See my earlier post. I've been thinking this for years.
The physical side of a relationship, the intimate lovemaking side, is not given the importance it should have when we consider how to keep a relationship solid. It's got immense power to keep a relationship very healthy or to heal, if a couple is seen by each other to make their partner the most important person in their life. Now we're seeing couples discussing the frequency of lovemaking prior to marriage, and even putting it into prenups. Is just the old saw, that you hear from another guy or lady that the good sex life they had died soon after they said "I do". Hopefully, it reflects an honest discussion between the couple about what is important in their relationships, and what they both want to achieve, and then they reflect that in a written agreement, to give it even more importance.

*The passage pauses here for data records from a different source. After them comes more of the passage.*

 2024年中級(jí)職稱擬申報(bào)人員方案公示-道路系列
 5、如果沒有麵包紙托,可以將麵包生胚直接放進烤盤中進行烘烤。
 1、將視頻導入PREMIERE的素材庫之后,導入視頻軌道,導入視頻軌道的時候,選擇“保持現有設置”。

Heaven forbid, I'd have to say to my lover, that our agreement says that we're falling behind our quota while pointing to the clause in the prenup.

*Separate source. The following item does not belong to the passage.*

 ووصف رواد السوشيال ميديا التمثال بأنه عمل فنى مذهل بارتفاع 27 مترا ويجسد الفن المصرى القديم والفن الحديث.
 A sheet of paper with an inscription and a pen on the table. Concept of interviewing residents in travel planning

I like the idea of date nights or date days that are almost sacrosant for a couple, to ensure that good things for them and their relationship, do actually occur regularly.
Another find over at
The Winnipeg Free Press Online EditionPrenups now have sexual clauses
Stipulations are part of 'designer marriages'
Fri Oct 13 2006
By Misty Harris
AS romantic as "till death do us part" sounds, a new survey of family law attorneys suggests a more accurate vow might be "till sex do us part."
Of the more than 1,600 legal eagles polled by the American Academy of Matrimonial Lawyers, fully 15 per have been asked by clients to include provisions for frequency of intercourse in their prenuptial agreements -- more commonly known as marriage contracts in Canada.

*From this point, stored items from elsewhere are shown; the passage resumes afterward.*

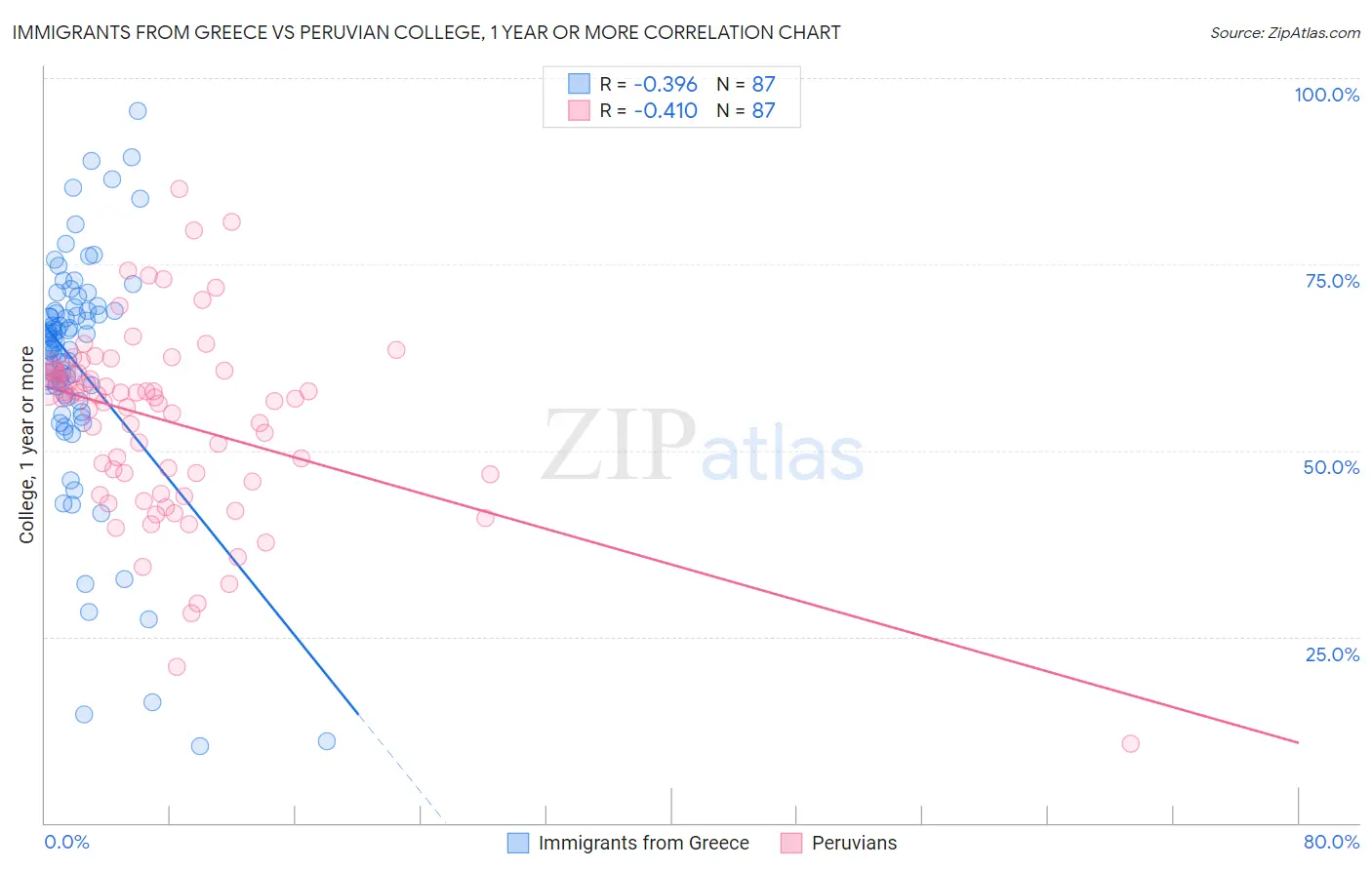 Immigrants from Greece vs Peruvian College, 1 year or more Correlation Chart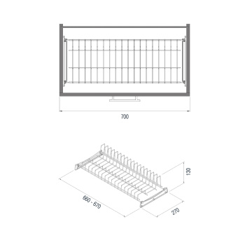 Бренд STARAX Цвет Хром Ширина шкафа, мм 700 В комплект входит - Решетка для тарелок в корпус 700 мм - Комплект креплений Вес нетто 0.93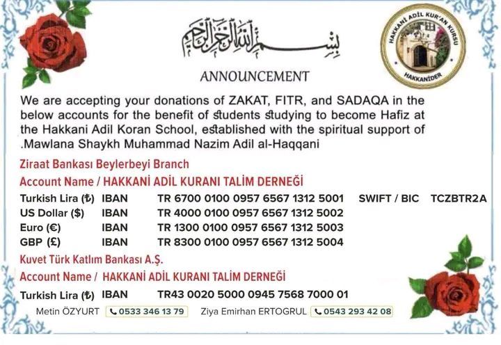 S’il vous plaît de soutenir les bonnes œuvres de Mawlana Shaykh Nazim al Haqqani Hz, Qaddas Allahu sirrahu. Vous trouverez ci-dessous les liens utiles:

Nearly one in three have been ordered to include stipulations for the care of a pet, 12 per cent have had clients request an adultery clause and another 12 per cent have been asked to include provisions for housekeeping.
It's all part of the made-to-order mentality of what you might call "designer marriages." That is, unions tailored the same way one customizes a new car or condo.
Headlines screaming of celebrities' adultery clauses are increasingly common, with cheating spouses losing a significant financial stake -- sometimes millions -- for breaking their vows. Weight provisos are also finding their way into prenups, such as the contract in which a celebrity husband stipulated if his wife's weight went above 120 pounds, it would be punishable by $100,000 in the event of a divorce.
Another star reportedly requested provisions for random drug testing, while an A-lister's wife asked that her husband be fined if rude to her parents.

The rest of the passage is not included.